Note: R uses one-based indexing, where the first position is 1 (unlike Python’s zero-based indexing, starting at 0).
set.seed(123)
x <- sort(round(rnorm(10), digit=2), decreasing = T)
x
Retrieving positions 1 to 5 can thus be written:
x[1:5]
It’s also possible to request all but certain positions (we use -).
print(x[-c(1,3)])
Exercise
- Given the vector below, use the indexing operator and :
- Store position 6 of x in variable a.
- Store positions 5, 18 and 27 in variable b.
- After setting the random value generator to 123, randomly draw 10 positions of x without replacement and store the corresponding values in variable d.
set.seed(123)
x <- sort(sample(1:1000, size=100))
set.seed(123)
x <- sort(sample(1:1000, size=100))
a <- x[6]
b <- x[c(5, 18, 27)]
set.seed(123)
rnd_pos <- sample(1:length(x), size=10, replace=FALSE)
d <- x[rnd_pos]
Logical Indexing of Vectors
Principe
The principle is to pass the indexing operator a logical vector of the same size as the vector. Only true positions (TRUE) will be returned/selected.
print(x)
x > 0
x[x > 0]
Logical operators &
and |
can test
vector positions based on another vector, especially when both are of
the same size.
Example
Imagine, for example, the x and y coordinates of 2D points.
set.seed(123)
# We create normally distributed values
# on the x-axis.
x <- rnorm(100)
# Add a little noise to x
# to create y.
y <- x + rnorm(100, mean=0.3, sd=0.4)
One can visualize the result using the plot()
function.
# plot() creates a scatterplot
plot(x, y)
# Add a vertical/horizontal grid
grid()
# Adds a vertical (argument v) line
abline(v = 0, col="black")
# Add a horizontal (argument h) line
abline(h= 0, col="black")
# Add a diagonal line
# with equation y=x (intersect/a = 0, slope/b = 1)

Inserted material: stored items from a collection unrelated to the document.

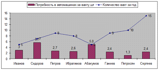 Нестандартную диаграмму построил в том же порядке, в каком и стандартную. Отличие построения стандартной диаграммы заключается в том, что в ней сравниваются несколько разных показателей. В моей диаграмме сравниваются показатели – «Потребность в автомашинах за вахту,шт», «Количество вахт за год». Для построения использовал данные таблицы 1. На первом шаге мастера диаграмм выбрал закладку «Нестандартные», а в ней тип диаграммы – «График | гистограмма». На втором шаге определил диапазон данных – это данные из таблицы 2 диапазоны ячеек A2:С10. На третьем шаге установил параметры диаграммы (расположение легенды – вверху). После всех произведенных действий с построением нестандартной диаграммы, на четвертом шаге построения, поместил в имеющемся (рисунок 9).
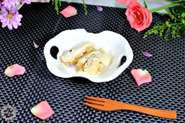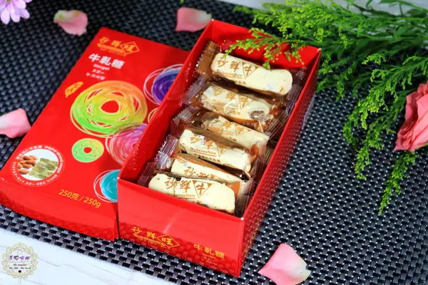 一口咬下,有著濃濃奶香的牛軋糖,甜度自然是比上面兩款點心要高,
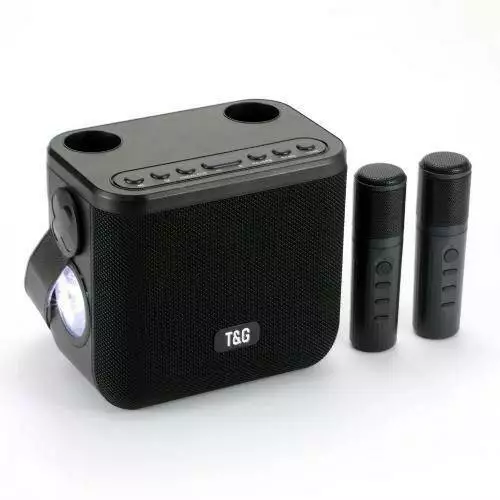 - Комплектация: колонка, кабель для зарядки, аудио кабель, инструкция на английском языке, 2 беспроводных микрофона
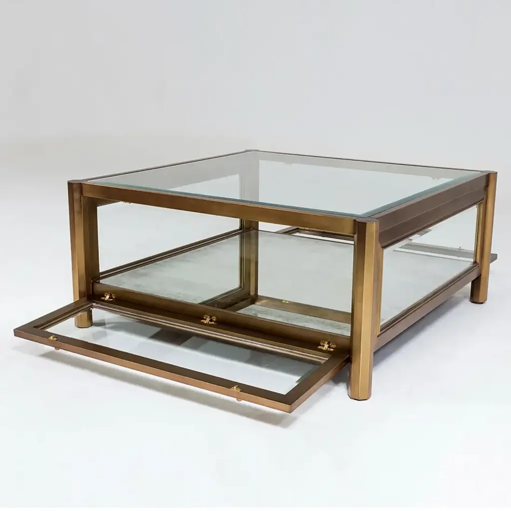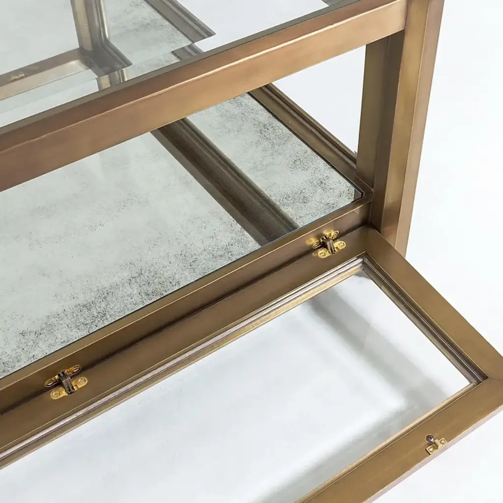 A totally unique and fresh take on an oversized cocktail table. Our Apothecary Cocktail table is made from an MDF frame and support clad in solid thick brass sheet material. The table has two sides with drop front door to allow easy access to the interior of the enclosed cocktail table base. An antique mirror surface covers the interior 'floor' of the table. Small and discreet knobs can be pulled to easily open the sides for access. Apothecary is one term for a medical professional who formulates and dispenses medical materials to physicians, surgeons, and patients. The modern pharmacist (also colloquially referred to as a chemist in British English) has taken over this role. In some languages and regions, the word "apothecary" is still used to refer to a retail pharmacy or a pharmacist who owns one. Apothecaries' investigation of herbal and chemical ingredients was a precursor to the modern sciences of chemistry and pharmacology. This definition of apothecary should help you well imagine how many wonderful, useful, and other oddities could be displayed within this beautiful low oversized cocktail table. From a fashion forward perspective, Global Views offers accessories, furniture, statement lighting, and an assortment of rugs and mirrors to add beauty and joy to your home.
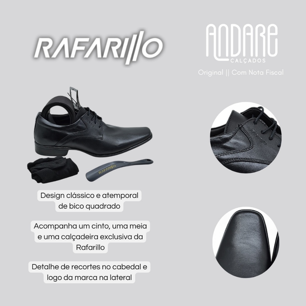 FORMA: Anatômica (ver tabela de medidas) CABEDAL: Couro legítimo, detalhe texturizado e pin metálico PALMILHA: Anatômica acolchoada, absorve impactos FECHAMENTO: Slip On com elástico lateral SOLADO: Borracha de alta qualidade, frisos antiderrapantes INTERIOR: Forrado em PU macio e antitranspirante ESTILO: Social elegante, bico quadrado clássico SALTO: Baixo e discreto CONTEÚDO DA CAIXA: 1 par de sapatos + meia + cinto GARANTIA: 30 dias contra defeitos de fabricação ENVIO: Caixa original do fabricante O Sapato Masculino Social Rafarillo em Couro é a escolha ideal para quem busca sofisticação, praticidade e conforto no dia a dia. Com um design elegante e atemporal, o modelo é versátil e pode ser usado em diversas ocasiões, como compromissos de trabalho, eventos formais ou encontros sociais, sempre agregando estilo e exclusividade ao visual masculino. Confeccionado em couro legítimo de altíssima qualidade, o calçado garante resistência, durabilidade e acabamento refinado. Sua confecção segue os padrões de excelência da Rafarillo, proporcionando um produto premium, desenvolvido para manter sua beleza e estrutura mesmo após longos períodos de uso. Seu design é clean e minimalista, com linhas modernas e discretas que reforçam a sofisticação. O destaque fica para a logo da marca aplicada de forma elegante na lateral do cabedal, transmitindo autenticidade sem perder a discrição. Para complementar, o kit acompanha uma meia exclusiva e um cinto confeccionado em couro sintético da Rafarillo, itens que tornam o conjunto ainda mais prático e completo. O modelo possui fechamento por cadarços, que proporciona ajuste firme e seguro, garantindo estabilidade e confiança durante todo o uso. O formato clássico com bico quadrado reforça a sofisticação e torna o calçado indispensável para composições formais e sociais. O interior é totalmente forrado e acolchoado em material PU antitranspirante, mantendo os pés secos e confortáveis mesmo em longos períodos de uso. A palmilha anatômica e macia garante absorção de impactos, oferecendo bem-estar e suavidade a cada passo. Com salto baixo e discreto, o sapato equilibra perfeitamente conforto e estilo, atendendo às exigências do dia a dia sem abrir mão da elegância que a ocasião pede. Para finalizar, o solado é confeccionado em borracha de alta qualidade, com frisos antiderrapantes que proporcionam aderência, tração e segurança em diferentes superfícies. Essa construção garante estabilidade, firmeza e durabilidade, tornando o sapato uma escolha confiável e sofisticada para qualquer momento. TABELA DE MEDIDAS Tamanho 37 - 26cm Tamanho 38 - 26,6cm Tamanho 39 - 27,3cm Tamanho 40 - 28cm Tamanho 41 - 28,6cm Tamanho 42 - 29,3cm Tamanho 43 - 29,9cm Tamanho 44 - 30,6cm
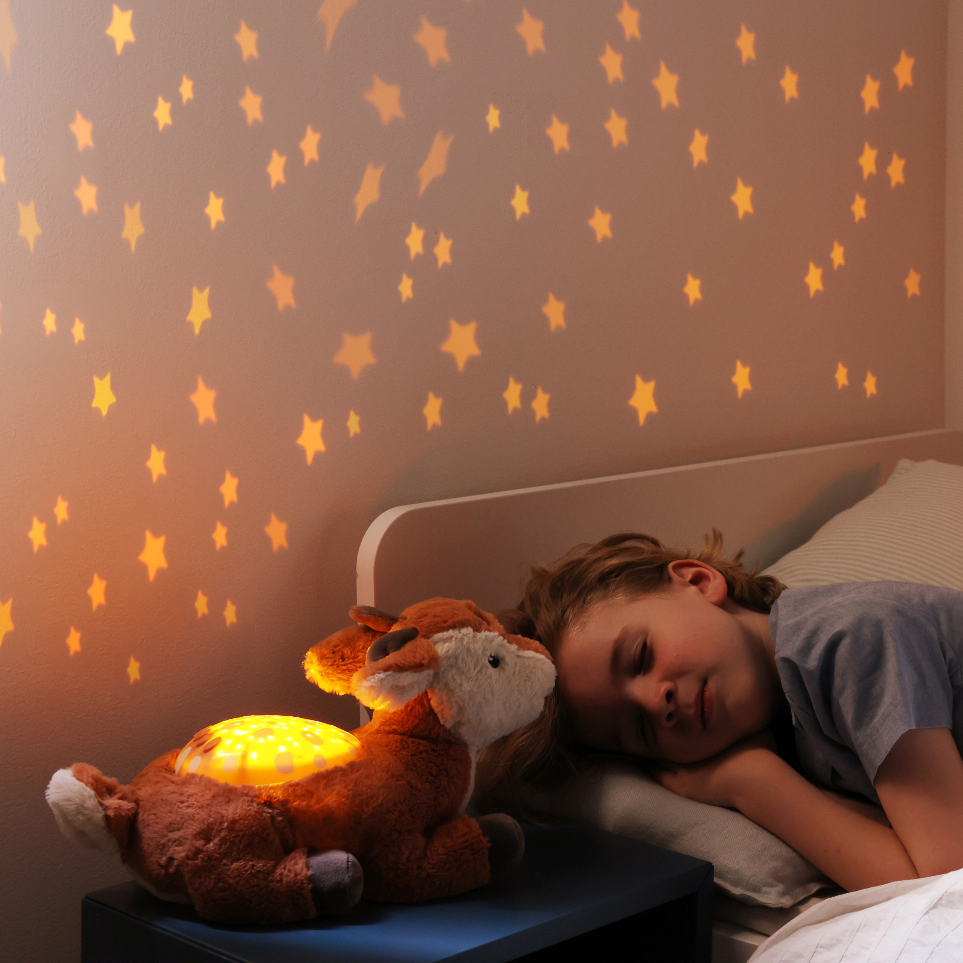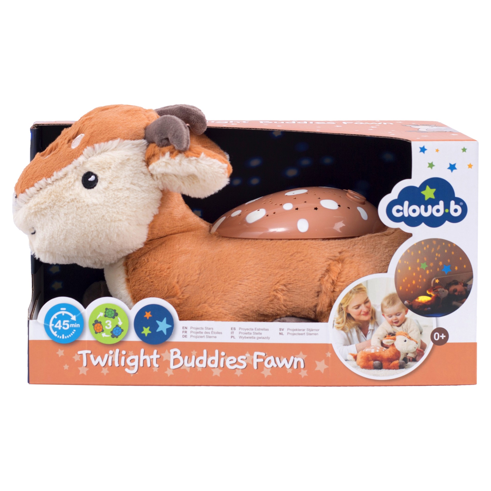 Twilight Buddies™ – Finley Fawn is a soft, plush companion that helps ease children's fear of the dark by projecting a starry night sky onto bedroom ceilings and walls. Hidden within the soothing projection are the moon and three constellations!
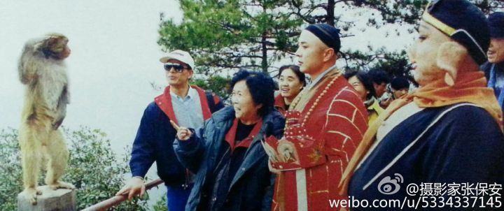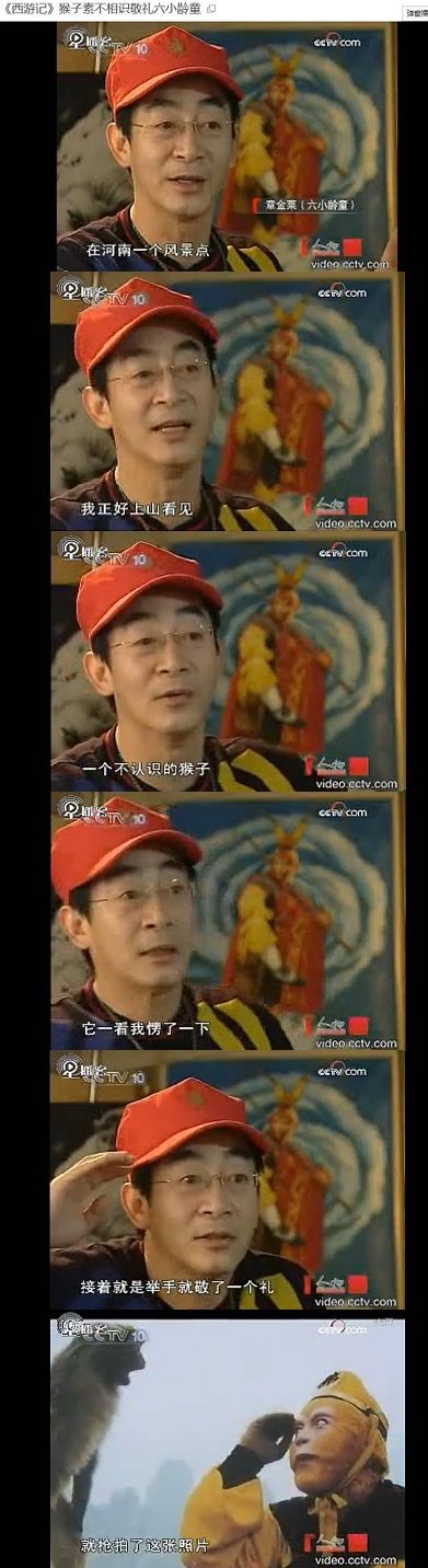 大家應該都見過這一張圖片。六小齡童自己在很多場合都説過,當時是自己扮上妝後,有一隻小猴子便跑了過來,向自己敬了個禮。
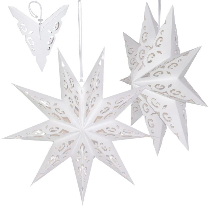 BÍLÁ HVĚZDA 45 CM 9 RÁMŮ PAPÍROVÁ DEKORACE je dekorace, která vytváří wow efekt bez elektřiny, hluku a plastu. Je stylová, praktická a snadno s ní vytvoříte kouzelnou atmosféru ve vaší domácnosti, kanceláři nebo výloze obchodu.

abline(a= 0, b=1, col="black")
Indexing allows you to highlight specific points, such as coloring
positive x
and y
values. Use the
points()
function to overlay these points on an existing
plot.
plot(x, y)
grid()
abline(v = 0, col="black")
abline(h= 0, col="black")
abline(a= 0, b=1, col="black")
# What are the positive positions in x and y?
pos <- x > 0 & y > 0
# points() overlay points
# to an existing diagram.
# pch= point type
# col= color
points(x[pos], y[pos], pch=16, col="red")
Exercise
Complete the code to display in red those points for which the x-values are greater than the y-values, and in blue those for which y is greater than x.
set.seed(123)
x <- rnorm(100)
y <- x + rnorm(100, mean=0.1, sd=0.3)
plot(x,y)
grid()
set.seed(123)
x <- rnorm(100)
y <- x + rnorm(100, mean=0.1, sd=0.3)
plot(x,y)
grid()
abline(v = 0, col="black")
abline(h= 0, col="black")
abline(a= 0, b=1, col="black")
points(x[x > y], y[x > y], pch=16, col="red")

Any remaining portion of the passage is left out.